While The Conners season 7’s ending wasn’t terrible, the Roseanne spinoff did profoundly fail one of the original show’s heroes and its best replacement for the late eponymous heroine. When Roseanne became The Conners, the sitcom’s entire DNA had to shift pretty radically almost overnight. The series had already been through more overhauls than most, thanks to the messy end of its original run and its 2017 revival. Roseanne began life as a grounded sitcom about a working-class family, centered primarily on the perspective of their titular sardonic mother, Roseanne.
As the large cast of The Conners proves, the show’s ambition grew from here. Later seasons of Roseanne turned Mark and David, the love interests of the family’s two daughters, Becky and Darlene, into main characters themselves. Roseanne’s final season largely dropped the family and focused mainly on Roseanne after the Conners won the lottery and became multi-millionaires. This disastrous outing was so poorly received that season 9’s finale retconned everything, revealing the family never really won the lottery and Roseanne’s husband Dan had secretly died of a heart attack a season earlier.

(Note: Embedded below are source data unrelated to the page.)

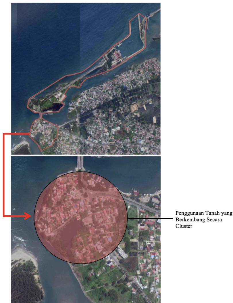
Gambar 4. Kajian Pola Penggunaan Tanah pada Bangunan di Kawasan Peri Urban Ulee Lheue.

Sejalan dengan peningkatan penduduk dan aktifitasnya, kebutuhan akan ruang perkotaan semakin meningkat, dengan terbatasnya lahan perkotaan maka peningkatan lahan yang dibutuhkan untuk tempat tinggal dan kegiatan ekonomi perkotaan mengambil ruang meluas ke arah luar bahkan sampai di pinggiran kota. Gejala ini memiliki istilah invasi yang memiliki artian meluapnya penduduk dari pusat kota dan kondisi kenampakan fisik ke arah luarkota ini disebut dengan urban sprawl [15]. Kawasan pertumbuhan permukiman penduduk Ulee Lheue dapat dilihat pada Gambar 4.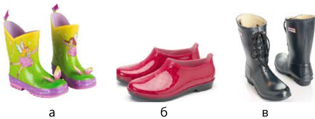
Рис. 3. Полімерно-текстильне взуття: а – дитяче; б – жіноче; в – чоловіче

Третя група – суцільнополімерне взуття, у якому і верх, і підошва виготовляються виключно з полімерних матеріалів. При цьому в одному виробі можуть комбінуватися різні полімерні матеріали або різні кольори одного й того самого матеріалу. Останніми роками асортимент суцільнополімерного взуття значно розширився. Якщо донедавна виготовлення такого виду взуття обмежувалося гумовими чоботами, калошами та шльопанцями, то сьогодні взуттєва промисловість пропонує широкий вибір яскравого дитячого та молодіжного, зручного побутового та спеціального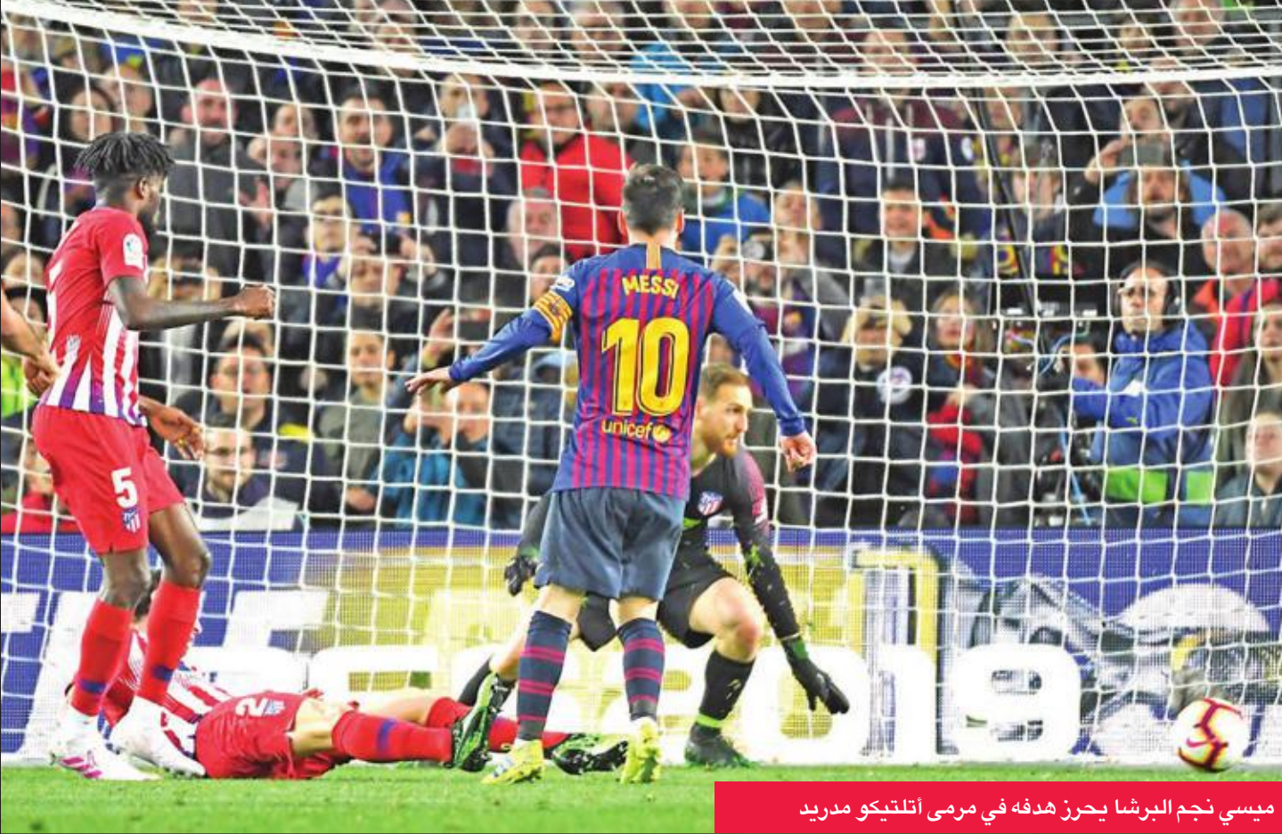
ميسي نجم البرشا يحرز هدفه في مرمى أتلتيكو مدريد

المباريات الـ17 المتتالية التي خاضها فالنسيا دون هزيمة في مختلف المسابقات (أطول سلسلة في الدوريات الخمس الكبرى)، بفوزه بهدفين سجلهما راؤول دي توماس (32) وماريو سواريز (1+90) في مباراة كانت لتتخبر مجرياتها لو نجح داني باريوخو في ترجمة ركلة جزاء للضيوف في الدقيقة 28.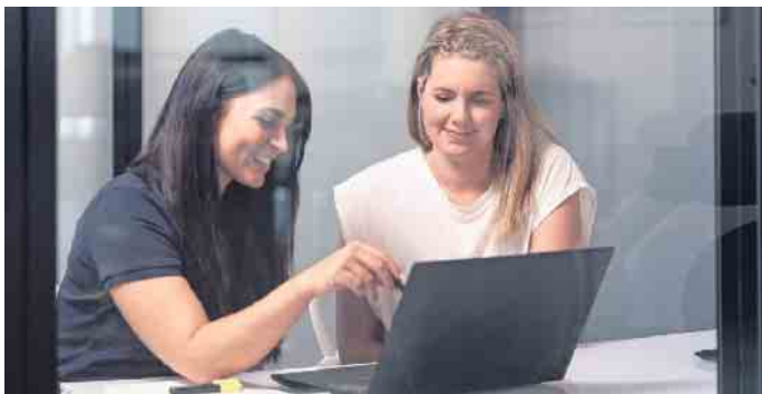
Theorie und Praxis gehen bei der Qualifizierung in der Gesundheits- und Fitnessbranche Hand in Hand.

Ausbildung und Karriere in der stark wachsenden Fitness- und Gesundheitsbranche

Darlene’s Season 7 Arc Ignored Her Roseanne Dream Entirely
Darlene Wanted To Be A Writer In The Original Show and the Revival
Compared to The Conners series finale, the ending of Roseanne season 9 was a complete mess. The historically unpopular twist only became more ridiculous when 2017’s Roseanne revival retconned this ending, revealing that Dan was still alive and well and season 9’s story was merely the plot of an unpublished novel Roseanne wrote. Roseanne then remained the show’s heroine, even with its expanding cast, throughout the season 10 revival until real-life actor Roseanne Barr’s racist Twitter tirade resulted in her firing. However, this didn’t always mean she was the show’s true focus.

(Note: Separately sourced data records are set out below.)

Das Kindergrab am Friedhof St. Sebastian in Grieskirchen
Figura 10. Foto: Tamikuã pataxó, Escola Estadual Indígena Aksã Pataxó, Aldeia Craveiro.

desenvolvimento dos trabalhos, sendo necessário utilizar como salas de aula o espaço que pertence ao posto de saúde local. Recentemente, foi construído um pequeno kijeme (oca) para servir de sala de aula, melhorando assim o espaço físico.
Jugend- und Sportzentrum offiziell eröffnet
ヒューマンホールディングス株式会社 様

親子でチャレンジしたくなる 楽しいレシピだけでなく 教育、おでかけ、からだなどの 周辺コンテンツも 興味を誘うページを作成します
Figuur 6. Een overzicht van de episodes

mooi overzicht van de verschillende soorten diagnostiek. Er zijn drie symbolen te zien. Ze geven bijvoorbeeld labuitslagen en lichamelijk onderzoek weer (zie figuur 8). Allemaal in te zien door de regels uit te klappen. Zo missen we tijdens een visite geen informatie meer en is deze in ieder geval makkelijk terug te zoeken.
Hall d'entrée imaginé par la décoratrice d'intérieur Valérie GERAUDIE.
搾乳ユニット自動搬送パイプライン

Darlene emerged as the heart of the series after Roseanne’s death thanks to her struggles to parent Harris and Mark while also paying to keep a roof over their heads.
By the time Barr was fired, Roseanne’s potential replacement was already starting to emerge organically from the revival. As noted in a 2018 VanityFair article, Roseanne’s daughter Darlene had inherited her mother’s dreams of becoming a writer and her thwarted existence as an underemployed creative and working mother. Darlene emerged as the heart of the series after Roseanne’s death thanks to her struggles to parent Harris and Mark while also paying to keep a roof over their heads. Her string of unreliable, underpaid jobs proved equally harrowing and hilarious.
Like Roseanne, Darlene was a spiky, sarcastic presence who could make even a hopeless storyline funny thanks to her attitude. Thus, The Conners season 7’s pointless Darlene arc was perhaps the show’s greatest betrayal of its predecessor. Darlene was relegated to the sidelines at the worst time as the show wrapped up with a maudlin plot centered on Roseanne’s memory. Instead of celebrating Darlene’s next step, The Conners season 7 cast its real heroine aside to reminisce on the good old days of its long-gone matriarch.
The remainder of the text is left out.